_EXERCISE OBJECTIVE_
Below is some data. Retype exactly the lines starting at the one with "Farben und Grössen" and ending at the one with "#晩ご飯 #息子作 #ウインナー #玉ねぎ #鰹節 #醤油".

_DATASET_

◆ ◆ ◆

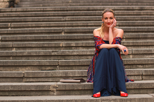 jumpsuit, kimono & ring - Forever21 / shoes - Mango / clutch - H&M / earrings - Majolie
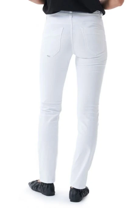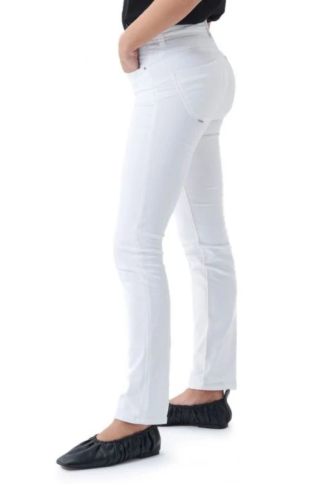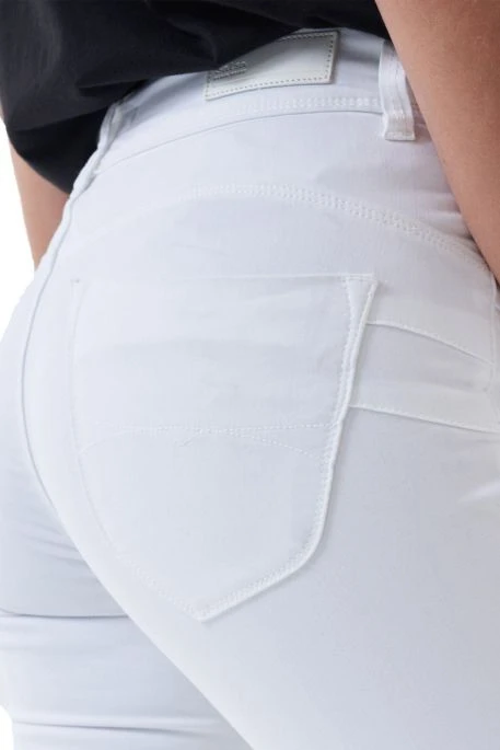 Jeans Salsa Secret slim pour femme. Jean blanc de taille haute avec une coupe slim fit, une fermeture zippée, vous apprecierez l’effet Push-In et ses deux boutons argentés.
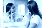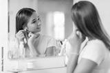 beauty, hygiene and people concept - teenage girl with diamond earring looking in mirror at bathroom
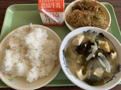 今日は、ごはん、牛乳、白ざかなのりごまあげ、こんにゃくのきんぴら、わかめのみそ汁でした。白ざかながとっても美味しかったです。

◆ ◆ ◆

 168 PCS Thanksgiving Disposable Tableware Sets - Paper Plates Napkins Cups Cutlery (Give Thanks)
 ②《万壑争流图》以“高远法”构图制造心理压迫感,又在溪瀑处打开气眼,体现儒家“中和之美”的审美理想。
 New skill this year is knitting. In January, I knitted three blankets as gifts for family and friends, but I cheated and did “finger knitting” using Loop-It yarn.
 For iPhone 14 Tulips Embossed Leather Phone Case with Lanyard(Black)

◆ ◆ ◆

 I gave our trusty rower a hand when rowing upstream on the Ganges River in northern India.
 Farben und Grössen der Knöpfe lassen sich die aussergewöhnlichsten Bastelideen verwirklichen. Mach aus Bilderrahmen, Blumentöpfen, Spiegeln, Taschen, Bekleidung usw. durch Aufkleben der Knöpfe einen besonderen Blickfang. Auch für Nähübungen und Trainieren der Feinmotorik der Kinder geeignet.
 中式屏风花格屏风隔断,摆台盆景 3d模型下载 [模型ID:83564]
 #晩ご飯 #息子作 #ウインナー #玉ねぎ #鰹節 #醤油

◆ ◆ ◆

_RESULT OF THIS TASK_
 Farben und Grössen der Knöpfe lassen sich die aussergewöhnlichsten Bastelideen verwirklichen. Mach aus Bilderrahmen, Blumentöpfen, Spiegeln, Taschen, Bekleidung usw. durch Aufkleben der Knöpfe einen besonderen Blickfang. Auch für Nähübungen und Trainieren der Feinmotorik der Kinder geeignet.
 中式屏风花格屏风隔断,摆台盆景 3d模型下载 [模型ID:83564]
 #晩ご飯 #息子作 #ウインナー #玉ねぎ #鰹節 #醤油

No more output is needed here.